## Data listing
========================================

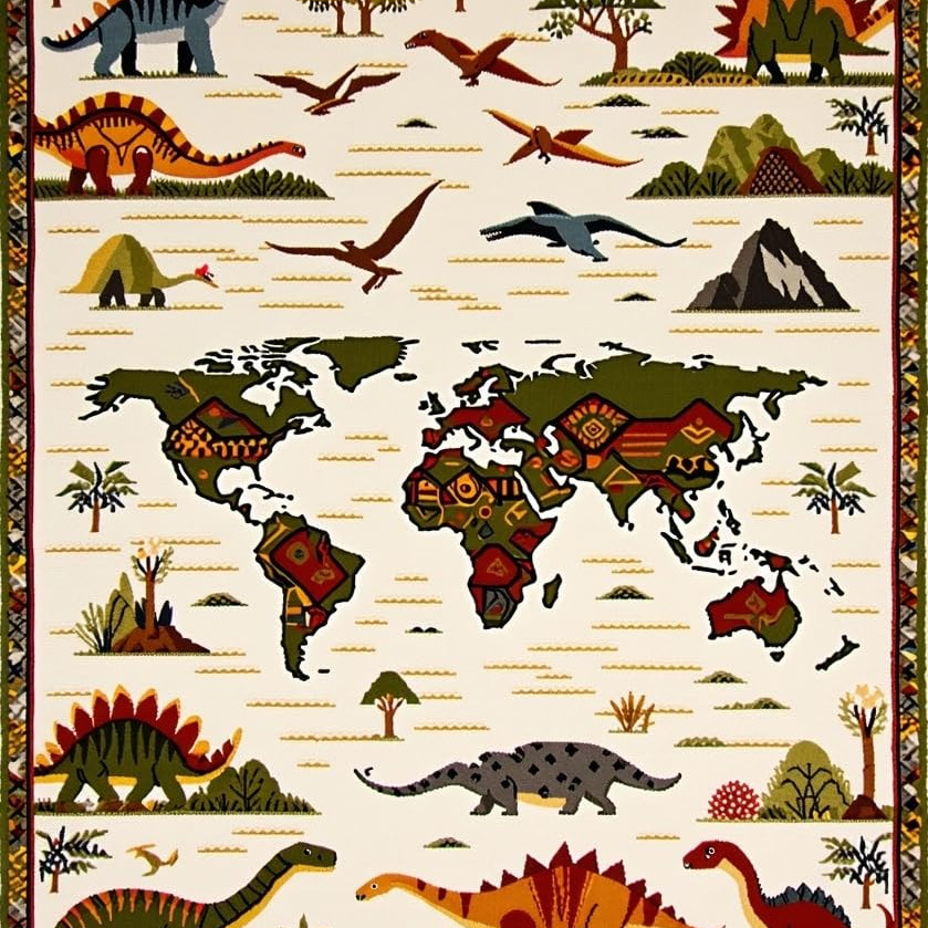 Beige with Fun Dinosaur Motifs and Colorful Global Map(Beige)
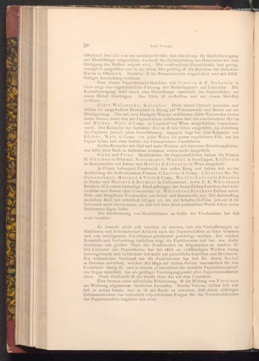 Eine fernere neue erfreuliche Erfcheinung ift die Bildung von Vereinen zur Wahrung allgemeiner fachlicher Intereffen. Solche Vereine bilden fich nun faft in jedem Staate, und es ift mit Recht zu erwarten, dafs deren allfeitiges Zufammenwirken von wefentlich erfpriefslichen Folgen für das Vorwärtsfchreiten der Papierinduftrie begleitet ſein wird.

========================================

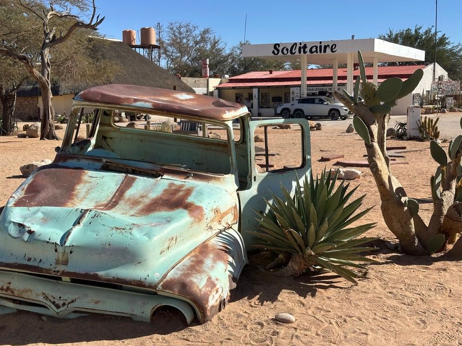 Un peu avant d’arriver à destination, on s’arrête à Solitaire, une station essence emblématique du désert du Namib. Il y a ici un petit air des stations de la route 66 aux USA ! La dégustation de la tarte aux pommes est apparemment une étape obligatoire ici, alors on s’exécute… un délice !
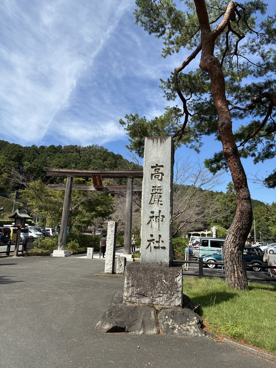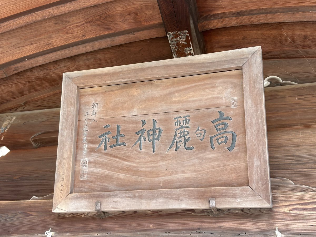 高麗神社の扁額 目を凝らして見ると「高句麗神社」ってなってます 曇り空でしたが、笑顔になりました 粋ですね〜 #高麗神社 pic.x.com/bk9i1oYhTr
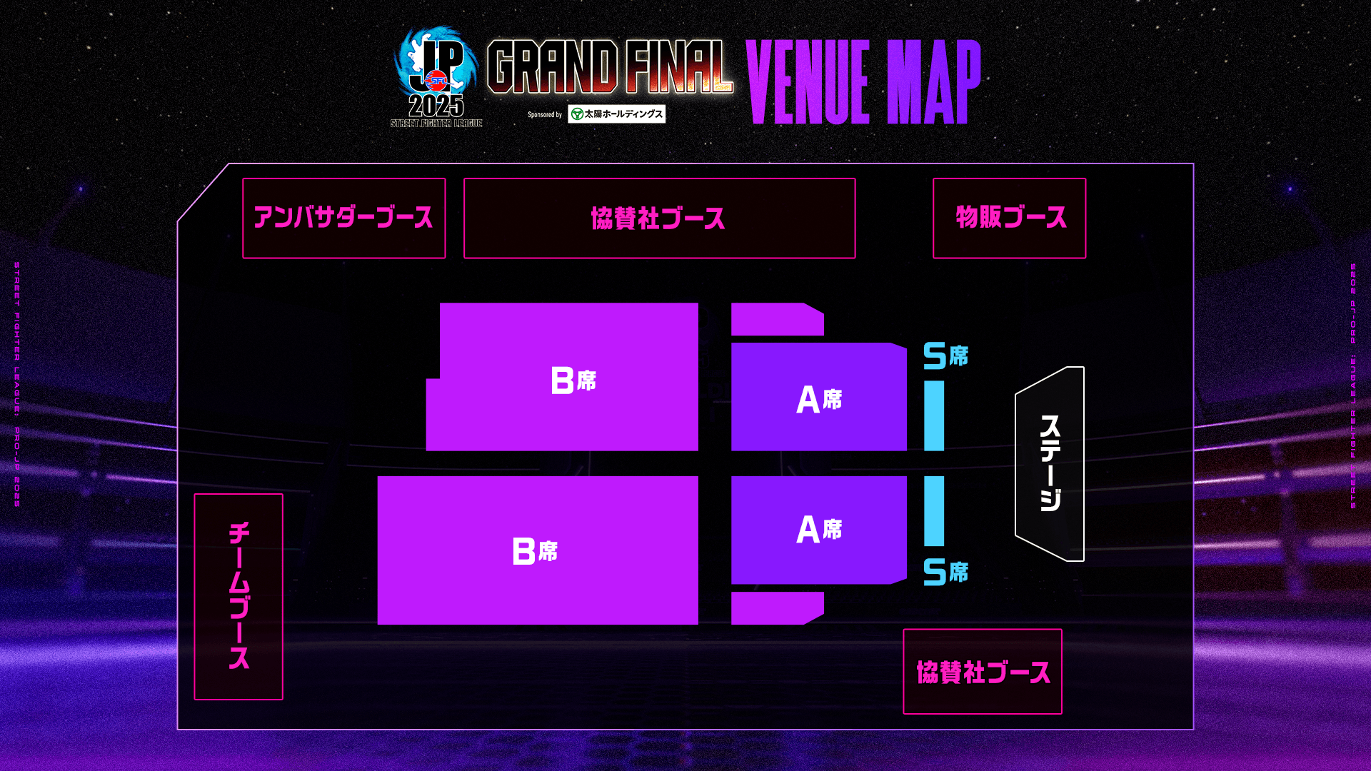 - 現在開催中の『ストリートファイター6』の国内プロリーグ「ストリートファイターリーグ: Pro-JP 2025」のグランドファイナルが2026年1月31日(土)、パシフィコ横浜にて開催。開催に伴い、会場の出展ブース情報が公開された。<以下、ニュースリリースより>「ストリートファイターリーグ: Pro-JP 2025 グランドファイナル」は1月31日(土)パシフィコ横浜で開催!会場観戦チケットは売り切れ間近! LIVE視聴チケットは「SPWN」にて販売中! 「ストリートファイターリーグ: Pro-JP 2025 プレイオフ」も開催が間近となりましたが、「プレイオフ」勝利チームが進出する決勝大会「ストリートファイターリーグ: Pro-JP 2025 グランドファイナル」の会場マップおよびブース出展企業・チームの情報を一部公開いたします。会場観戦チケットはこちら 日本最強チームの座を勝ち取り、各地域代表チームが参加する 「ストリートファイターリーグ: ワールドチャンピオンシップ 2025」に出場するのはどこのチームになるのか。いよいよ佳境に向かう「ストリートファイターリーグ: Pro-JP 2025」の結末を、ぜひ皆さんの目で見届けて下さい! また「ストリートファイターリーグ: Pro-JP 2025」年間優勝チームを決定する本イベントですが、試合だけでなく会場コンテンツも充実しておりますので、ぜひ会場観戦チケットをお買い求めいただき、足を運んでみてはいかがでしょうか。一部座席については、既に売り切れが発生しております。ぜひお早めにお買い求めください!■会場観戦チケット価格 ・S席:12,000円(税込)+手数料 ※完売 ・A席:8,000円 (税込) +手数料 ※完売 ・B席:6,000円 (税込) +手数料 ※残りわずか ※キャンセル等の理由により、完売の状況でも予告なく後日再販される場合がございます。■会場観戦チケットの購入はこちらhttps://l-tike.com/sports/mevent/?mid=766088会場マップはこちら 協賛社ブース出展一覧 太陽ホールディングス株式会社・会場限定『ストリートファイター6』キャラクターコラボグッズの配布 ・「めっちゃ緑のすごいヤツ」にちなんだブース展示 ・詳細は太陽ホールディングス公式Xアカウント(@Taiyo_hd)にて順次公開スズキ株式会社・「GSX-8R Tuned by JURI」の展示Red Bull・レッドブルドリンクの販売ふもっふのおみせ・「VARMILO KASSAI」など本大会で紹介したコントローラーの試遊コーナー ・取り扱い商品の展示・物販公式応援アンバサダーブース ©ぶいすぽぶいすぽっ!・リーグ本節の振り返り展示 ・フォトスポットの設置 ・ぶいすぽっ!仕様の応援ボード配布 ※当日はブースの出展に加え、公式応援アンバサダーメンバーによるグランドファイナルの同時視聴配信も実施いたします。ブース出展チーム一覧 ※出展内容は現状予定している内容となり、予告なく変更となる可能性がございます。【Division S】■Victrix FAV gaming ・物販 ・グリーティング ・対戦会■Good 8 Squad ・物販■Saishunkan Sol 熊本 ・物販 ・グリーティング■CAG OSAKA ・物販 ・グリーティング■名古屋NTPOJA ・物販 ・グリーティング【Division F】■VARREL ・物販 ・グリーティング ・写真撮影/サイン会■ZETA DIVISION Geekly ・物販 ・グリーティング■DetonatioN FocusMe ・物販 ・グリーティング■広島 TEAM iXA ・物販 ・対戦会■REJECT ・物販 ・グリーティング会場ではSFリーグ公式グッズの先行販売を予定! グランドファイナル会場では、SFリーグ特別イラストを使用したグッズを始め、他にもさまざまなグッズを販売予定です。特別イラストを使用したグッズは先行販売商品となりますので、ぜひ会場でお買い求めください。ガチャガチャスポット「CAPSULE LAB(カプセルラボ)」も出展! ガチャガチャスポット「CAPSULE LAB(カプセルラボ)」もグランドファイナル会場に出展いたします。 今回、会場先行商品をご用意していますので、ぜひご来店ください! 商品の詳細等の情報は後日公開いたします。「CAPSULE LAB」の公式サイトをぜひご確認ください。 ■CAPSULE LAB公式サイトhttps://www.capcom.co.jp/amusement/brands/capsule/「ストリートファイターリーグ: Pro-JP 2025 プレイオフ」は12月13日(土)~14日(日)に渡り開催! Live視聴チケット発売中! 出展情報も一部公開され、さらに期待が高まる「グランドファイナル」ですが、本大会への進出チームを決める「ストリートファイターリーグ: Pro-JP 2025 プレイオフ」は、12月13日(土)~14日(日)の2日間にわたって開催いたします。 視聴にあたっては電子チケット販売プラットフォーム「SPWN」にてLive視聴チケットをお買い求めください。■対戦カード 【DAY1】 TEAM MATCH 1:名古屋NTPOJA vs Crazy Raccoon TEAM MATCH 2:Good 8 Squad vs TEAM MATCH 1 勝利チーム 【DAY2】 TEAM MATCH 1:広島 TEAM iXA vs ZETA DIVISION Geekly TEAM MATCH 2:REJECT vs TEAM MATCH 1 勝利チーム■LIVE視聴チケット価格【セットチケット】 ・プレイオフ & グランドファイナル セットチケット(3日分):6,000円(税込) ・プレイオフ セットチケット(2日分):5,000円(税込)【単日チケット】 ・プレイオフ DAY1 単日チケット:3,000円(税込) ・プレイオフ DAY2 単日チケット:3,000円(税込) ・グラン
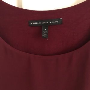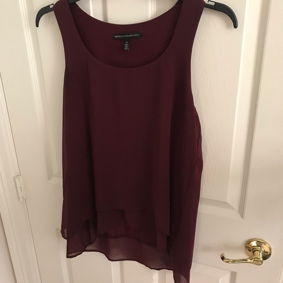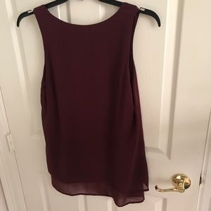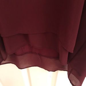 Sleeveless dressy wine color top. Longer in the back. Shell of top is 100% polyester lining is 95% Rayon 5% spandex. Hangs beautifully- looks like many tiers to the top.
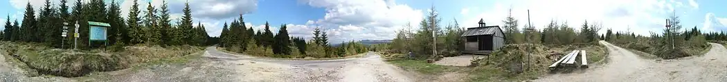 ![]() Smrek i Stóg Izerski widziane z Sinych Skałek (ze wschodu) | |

========================================

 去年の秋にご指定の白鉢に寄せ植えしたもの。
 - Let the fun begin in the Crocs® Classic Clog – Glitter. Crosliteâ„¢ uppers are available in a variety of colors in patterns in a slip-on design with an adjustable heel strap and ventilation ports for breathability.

========================================

## Your assignment
Reproduce verbatim the lines above, from the line with "去年の秋にご指定の白鉢に寄せ植えしたもの。" through the line with "- Let the fun".

## Task solution
 去年の秋にご指定の白鉢に寄せ植えしたもの。
 - Let the fun begin in the Crocs® Classic Clog – Glitter. Crosliteâ„¢ uppers are available in a variety of colors in patterns in a slip-on design with an adjustable heel strap and ventilation ports for breathability.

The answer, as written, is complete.